Everyone from time to time needs a reminder: a reminder that, in the difficult throes of the vocational paths we tread, there is a reason we chose to embark upon the journey in the first place. And with few exceptions, community serves as the occasion for such reminders.
Team is my community.
Our goals are uncomplicated, our numbers are small (12 pupils to be exact), and our vision is simple: To have something tangible to show – a trophy, a medal, etc. – which reflects our process marked by values of joy, discipline, collaboration, and friendship.
The smallest boy on the team is my reminder.
We won a tournament recently. Our team, “The Demons,” registered to compete against older children for a challenging change of pace in the beautiful setting of Carbondale, Colorado. As the final whistle blew, each child was so excited that the ensuing dog-pile of stinky, sweaty, happy ten year old boy bodies was the only appropriate celebratory action to match their enthusiasm.
I watched from my coach’s perch on the sideline, clapping for them and smiling along with them. But one child, the most diminutive, freckle-faced of the bunch, came sprinting to me first much to my surprise before getting tangled in celebration with the rest of his teammates.
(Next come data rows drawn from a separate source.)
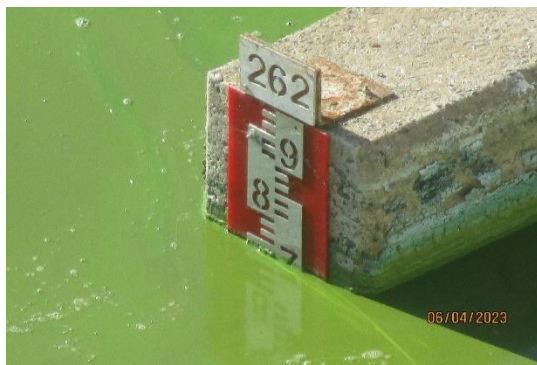
Fecha 06/04/2023,11:35 h. Cota: 261.720 Volumen 96.279.775.

Lectura de Nivel en Embalse Convento Viejo.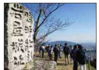
四王寺山史跡散策登山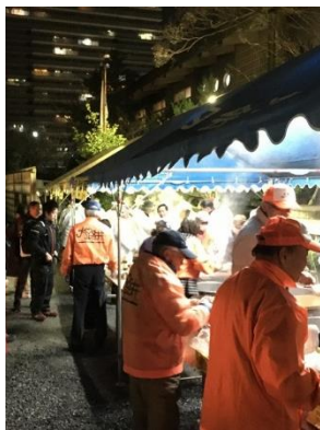
12/31 小汐井神社そば接待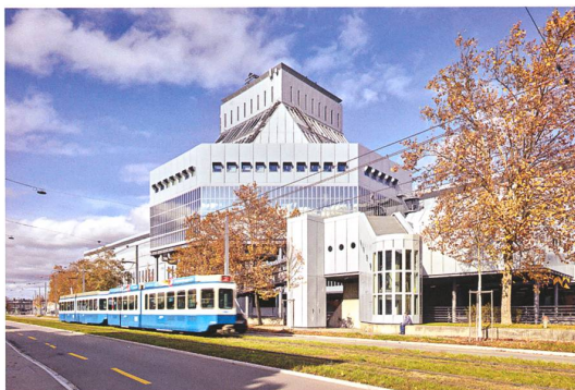
Zürich → 17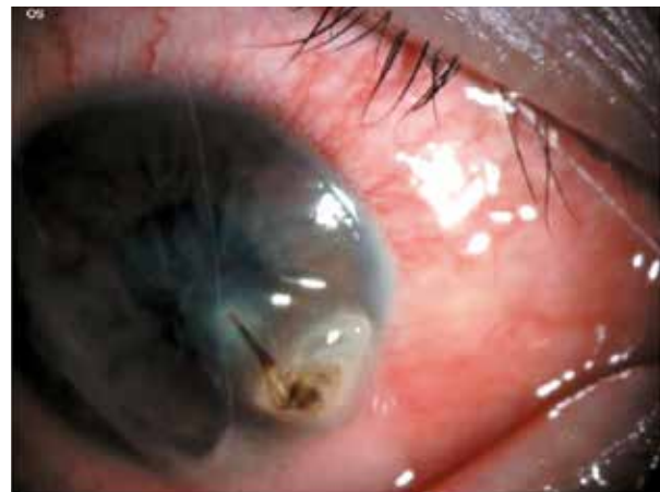
Figura 1. Córnea edematosa con presencia de cuerpo extraño.

Se presenta el caso de una paciente de 32 años de edad, natural y procedente de la zona rural del departamento de San Martín, que refiere antecedente de picadura de avispa hace 24 horas en ojo derecho, presentando al momento de la consulta disminución de la agudeza visual, enrojecimiento, lagrimeo, dolor, secreción; agudeza visual de cuenta dedos a 2 metros del ojo derecho y 20/25 ojo izquierdo, con presiones intraoculares de 12 y 13, respectivamente; a la biomicroscopía se encuentra hiperemia conjuntival con inyección periciliar 3+ y presencia de cuerpo extraño en la córnea que llega hasta el estroma con edema 3+, estrías en la Descemet del ojo derecho. Figura 1, 2 y 3.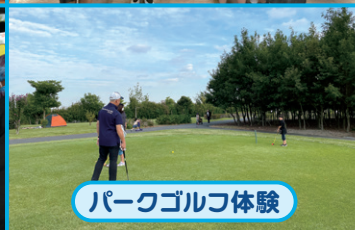
パークゴルフ体験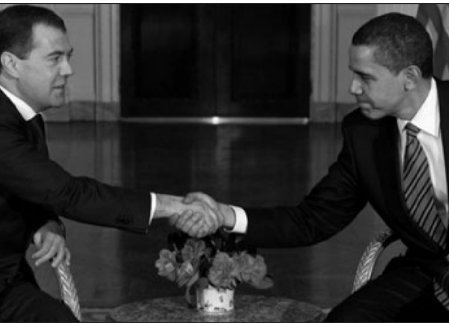
الرئيس الأمريكي باراك أوباما يصافح نظيره الروسي ديميتري ميدفيديف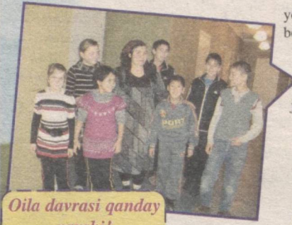
Oila davrasi qanday yaxshi!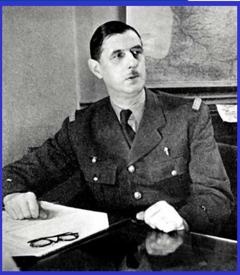
Шарль де Голль

После окончания Второй мировой войны Франция утратила положение вели-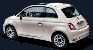
494 Powder Pink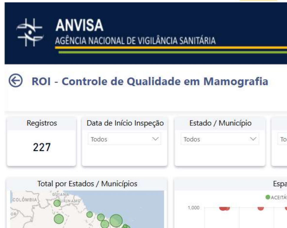
Fonte: painel de monitoramento dos ROI -01/11/2024

Com chuvas de corações, agradecemos as valiosas contribuições das Visa: PI, DF, Belém/PA, MS, CE, PB, GO, Ibiporã/PR, Ivaiporã/PR e Pato Branco/PR.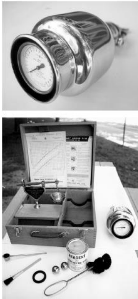
Hình 1 – Bình âm kế sử dụng khí tạo ra do Cácbua canxi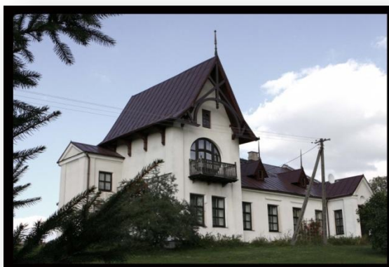
Zdjęcie 4. Plebania w Nowej Wsi

Jest to budowla o nieregularnych kształtach, rozczłonkowana i asymetryczna. Budynek jest usytuowany na małym wzgórzu w sąsiedztwie kościoła. Zbudowany na planie prostokąta, dwukondygnacyjny z dobudowaną częścią trójkondygnacyjną w kształcie przypominającym wieżę. Fundamenty budowli zostały wykonane z kamienia na zaprawie cementowo-wapiennej. Ściany nośne zostały wykonane z pełnej cegły ceramicznej, stropy z belek drewnianych. Otwory na parterze mają kształt prostokątny. Na piętrze, w ścianie frontowej występuje duży okrągły otwór okienny z drzwiami sięgającymi posadzki. Jest to tzw. Porte-fenetre (z francuskiego drzwi-okno), efektowne połączone drzwi z rozetowym oknem w nowym, secesyjnym stylu. Budowla zwieńczona jest dwuspadowym dachem. 2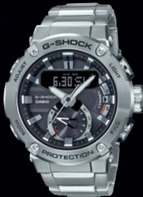
GST-B200D-1AER | 9 490 Kč*

solární napájení | příjem rádiového signálu | funkce světového času | odpočítávací stopky | stopky | nárazuvzdorné | plně automatické LED osvětlení | Neo displej | minerální sklo | pouzdro z ušlechtilé oceli a pryskyřice | vodotěsné až do 20 bar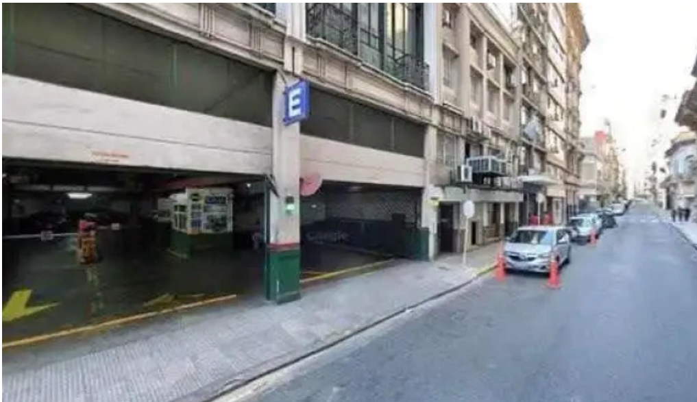
Afinidad comercial descuentosdeg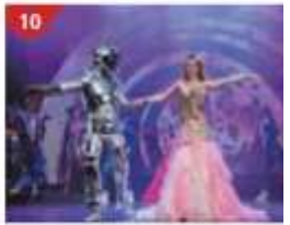
10 Zodiac Theatre Enjoy live production shows from the acclaimed award-winning entertainment team.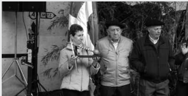
Atzoko eta gaurko dantzariak bildu ziren omenaldian.

Frontoiko dantza taldeen saioa amaituta, Kantu-Taldekoen txanda heldu zen. Hitzordu berezia ospatu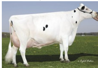
Gold-N-Oaks Morty Malibu EX-94

Running toward me with open arms, I picked him up in a twirl of momentum. I forget sometimes that my skeletal frame is about six times more massive than the children I coach, the ease with which I was able to give him an elevated hug before releasing him to join the throng of victoriously tangled arms and legs momentarily surprised me.
Jesus says “Let the children come to me” (Matt 19:4). Are these words a hint for us, now, in modern times? Or did Jesus himself simply need a reminder of Grace in the trying times of his own difficult vocational journey? I can’t say for certain why he said this. Yet I do know that I heard these words in Carbondale, Colorado that day, “Let the children come to me,” and that by hearing them I am prompted to ponder the ways in which Grace permeates the particulars of my own life’s purpose.
For me, at this juncture of life, no such recollection could have taken place outside the simple, purposeful, joyful soil of team community.
Thanks Colorado Vincentian Volunteers!